History of Catalan
Catalan developed from the Vulgar Latin spoken in the Roman province of Hispania Tarraconensis. The disintegration and fall of the Roman Empire brought about several successive invasions. The Visigoths (414 AD) and the Arabs (Moors) (711-717 AD) subjugated the entire peninsula, but their languages had a little impact on Catalan. In 778 the Franks of Charlemagne conquered a narrow strip southward of the Pyrenees with Barcelona and established there the so called Marca Hispanica (Spanish mark) as a buffer state against the muslims. The local Romance idiom since then evolved in close relations with the language of Southern Gaul (see Occitan language). In this period Provençal was considered a language of prestige and was adopted by the Catalonian troubadours also. In spite of the various influences from Gaul, Catalan, however, never assumed the two-case declension system, unique to Old French and Occitan.
By the end of the 10th century Catalan was already a fully-formed language, clearly distinguishable from its Latin origins. It appeared for the first time in written documents in the second half of the 12th century (a charter and six sermons); the Homilies of Organyà, written in the late 12th or early 13th centuries, is the first extant text written originally in Catalan. Catalan poetry flourished from the 13th century, before which time Catalan poets wrote in Provençal. The first true Catalan poet was Ramon Llull (c. 1235-1316), and the greatest Catalan poet was Ausiàs March (1397-1459), a Valencian.
During the 13th and 14th centuries Catalan reached its high point of geographical expansion in the Iberian Peninsula through the conquest of the kingdoms of Valencia and Murcia. The language also spread around the Mediterranean through victory over the kingdoms of Majorca, Sicily, Sardinia (even today there remains a Catalan-speaking popuation in the of Alghero), Naples, Athens and Neopatria in Peloponnese. Catalan came to be spoken, even if not always as a first language, in five states around the Mediterranean which were governed by Catalan dynasties.

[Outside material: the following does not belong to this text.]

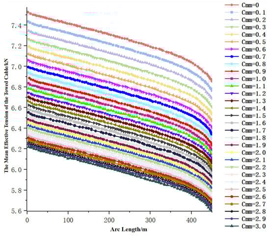 The control equations for each point of the tow cable in the towline array were also obtained in Yang’s experiments, the mathematical relationships of which can be found in [37].

Due to the Royal Chancellery, whose style was strongly influencing for all Catalan writing, the prose of the 14th and 15th centuries was marked by a high degree of uniformity.
Catalan retained its vigour until the union of the Aragonese and Castilian crowns in 1474. After that, although mainly grammatical works appeared, it gradually entered a period of decline. Following the War of the Spanish Succession (1705-1715), Philip V abolished all the government institutions then existing in Catalonia and implemented Spanish laws. Catalan went through various periods of prohibition and even of repression, beginning with the Decretos de Nueva Planta (Decrees for a New Political Order) of 1716.
The Catalan renaissance (Renaixença) began in the late 19th century with the economic progress of Catalonia. Catalan was reborn as the language of literary culture through the poetry contest known as Jocs Florals (Floral Games). In 1906 the first Catalan Language Congress attracted 3,000 participants, and in 1907 the Institut d’Estudis Catalans was founded. In 1913 it published Normes ortogràfiques (Spelling Rules) and in 1917 the Diccionari ortogràfic (Spelling Dictionary). The Gramàtica catalana (Catalan Grammar) by Pompeu Fabra appeared in 1918. During the Second Republic (1931-1939), Catalan was restored to its official language status, but this promising development was checked by the Civil War and its consequences. The use of Catalan in public was forbidden and the language retreated into the home. Yet not until 1944 was there a course in Catalan philology at the University of Barcelona; a chair of Catalan language and literature was not founded there until 1961. Ever since the restoration of democratic institutions, there has been a process to re-establish the use of Catalan.